While Protege is a terrific tool, I still think that using older technologies like KEE, Loom, PowerLoom, etc. with optimal programming environments makes a lot of sense. Any language with good introspection (like Ruby or Common Lisp) would work for supporting XML serialization when required.

Disney-ABC start to get it

Broadcast TV is dead - let's remember it fondly :-) Seriously Disney-ABC's pilot program to allow free download and viewing of TV shows a day after they are first run makes sense. They will, I believe, use some form of DRM to insure that commercials can not be skipped, but that seems fair enough to me. I bet that only Windows based viewing is possible, but there is always some hope that at least Mac OS X will also be supported. There is a lot of competition for viewers' "eye balls" for all types of entertainment and media, so re-purposing material for free (with commercials) anytime viewing makes sense. I have been enjoying old 1950s Alfred Hitchcock TV shows, both purchased on iTunes music store and rented via Netflix - another good way to enjoy anytime viewing. I also have hopes of more budget/indy productions making it to free or low cost anytime viewing.

Saturday, April 08, 2006

What about your $27,000 debt?

How concerned should we be that the average American's share of the national debt is $27,000? Make that $108,000 for a family of four and we are talking real money.

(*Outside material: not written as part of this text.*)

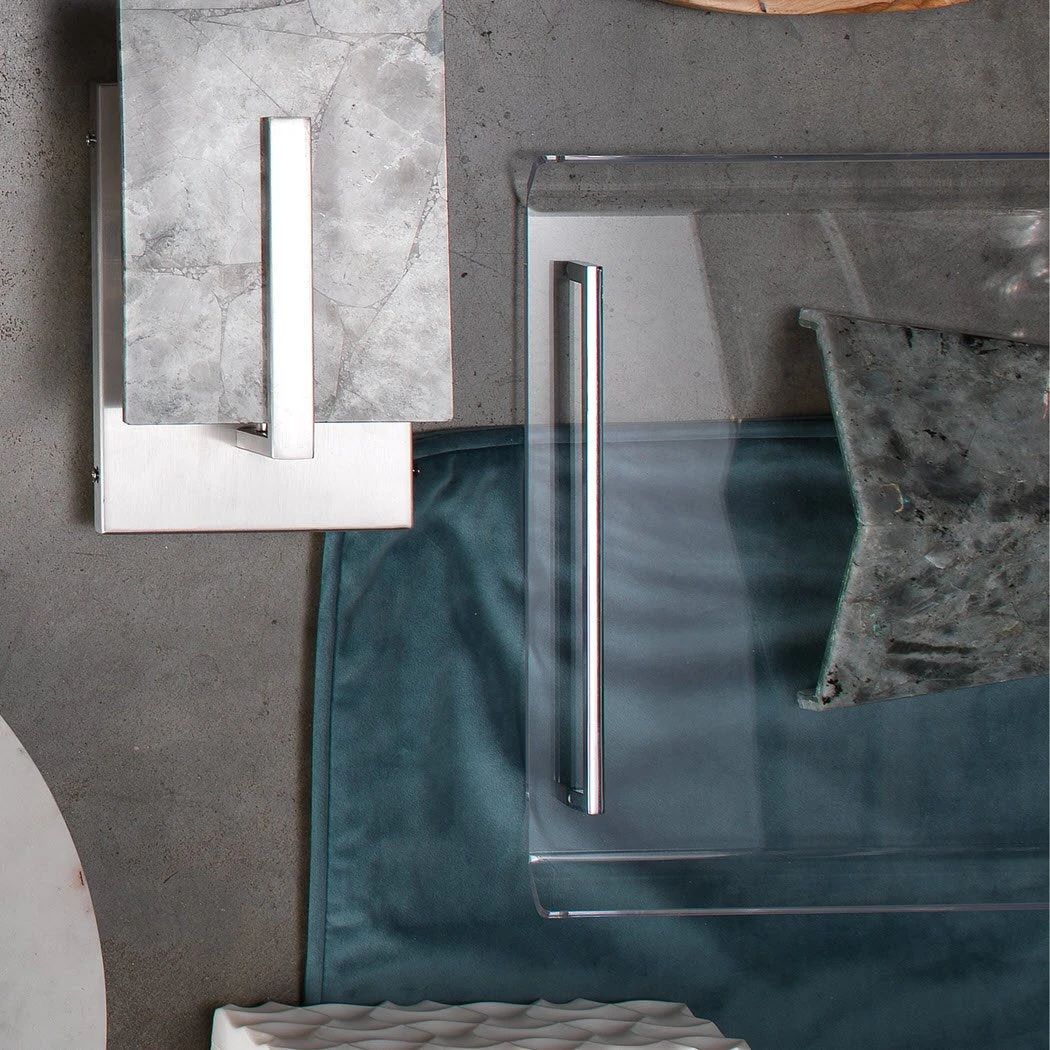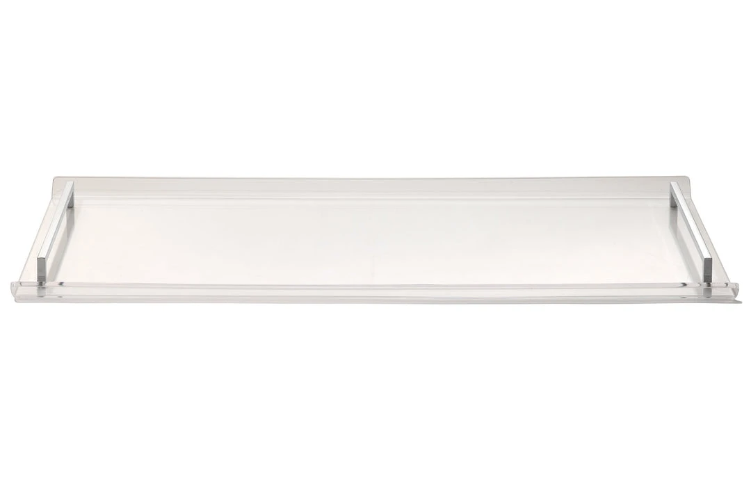 Clear acrylic and grand scale give this tray a home on any large coffee table. Modern finishes paired with simplistic lines give our Lucille Tray a contemporary esthetic that can be placed in any eclectic environment. Chrome handles measure 10.25″l x 1″h. Acrylic is 6mm thick.

So what? Isn't the debt as a fraction of GDP OK? The GDP is a horrible measure of economic health. A forest fire burns 1000 homes and the GDP goes up. Hurricane Katrina destroys a city and the GDP goes up. Our government spends irresponsibly and this excess is paid for by selling off more of our country to foreign investors - this increases the GDP!

Everything adds to the GDP and nothing reduces it: "The nations brightest economists maintain our national accounting system with a calculator that has a plus key but no minus key" (Lincoln Anderson on US GDP in The Fortune Encyclopedia of Economics)

The real short term risk of this debt is that interest rates will have to climb to keep attracting foreign investment to keep our society functioning and we are likely to get hit with increased inflation at the same time. Ouch and ouch.

Speaking of inflation, how many people understand that Clinton and Bush II removed things like the cost of food and housing from the cost of living indices (and thus the bogus government released "inflation" statistics)? I bet you don't hear about that much in the news - a news industry that does not serve public interests, but rather the interests of the mega-corporations who have bought up what used to be independent news companies, and who have a short term financial interest in convincing people to buy, buy, buy on consumer credit.

Sure, no one can predict the future, but there is one thing that I strongly believe: people who are now financing their lifestyle on increasing consumer debt are condemning themselves to a lifetime of economic servitude (greetings, indentured servants) while people who are handling their finances wisely will weather the coming financial storm with a minimum of pain.

Wednesday, April 05, 2006

Interesting: Bill Gate's work flow; knowledge management

I enjoyed this article by Gates on cnn on his personal work flow. The best part was on SharePoint. A few years ago one of my customers hired me to write a SharePoint clone that was tailored for their work flow - I used Java (JSPs, custom tag libraries, and Prevayler for persistence) in a fairly agile way but I would like to redo that project, with lessons learned, using Rails, and use AI text mining technologies to help automatically organize information (or suggest organizing hints).

Knowledge management is something that I am keenly interested in because it ties together lots of technologies that I am interested in: ontologies, knowledge representation, data constraints, server side technologies, and natural language processing with text mining, etc.